Down to the last line, set down the material below exactly; skip the pictures.
*** Supplied material Section Begins ***
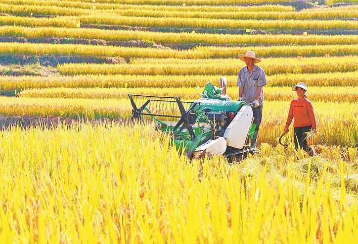 10月10日,湖北省宜昌市秭归县沙镇溪镇长春村村民驾驶农机在田间收获水稻。 据农业农村部最新消息,截至10月10日,全国秋粮收获已过五成。新华社发(王罡摄)
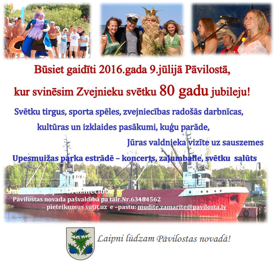 2016. gada 9. jūlijā būsiet gaidīti Pāvilostā, kur svinēsim Zvejnieku svētku 80 gadu jubileju!
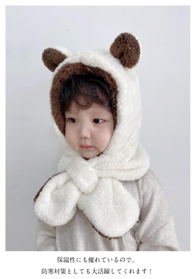 耳付き ベビー うさ耳 帽子 耳あて クリスマス マフラー 被り物 うさぎ キッズ クマ耳 耳付き帽子 くま プレゼント 防寒 ふわふわ ニット帽 女の子 男の子 赤ちゃん もこもこ 裏ボア ネックウォーマー 子ども 子供用 クマ ウサギ アニマル 秋 冬 雪遊び
*** Supplied material Section Ends ***
Answer section.
 10月10日,湖北省宜昌市秭归县沙镇溪镇长春村村民驾驶农机在田间收获水稻。 据农业农村部最新消息,截至10月10日,全国秋粮收获已过五成。新华社发(王罡摄)
 2016. gada 9. jūlijā būsiet gaidīti Pāvilostā, kur svinēsim Zvejnieku svētku 80 gadu jubileju!
 耳付き ベビー うさ耳 帽子 耳あて クリスマス マフラー 被り物 うさぎ キッズ クマ耳 耳付き帽子 くま プレゼント 防寒 ふわふわ ニット帽 女の子 男の子 赤ちゃん もこもこ 裏ボア ネックウォーマー 子ども 子供用 クマ ウサギ アニマル 秋 冬 雪遊び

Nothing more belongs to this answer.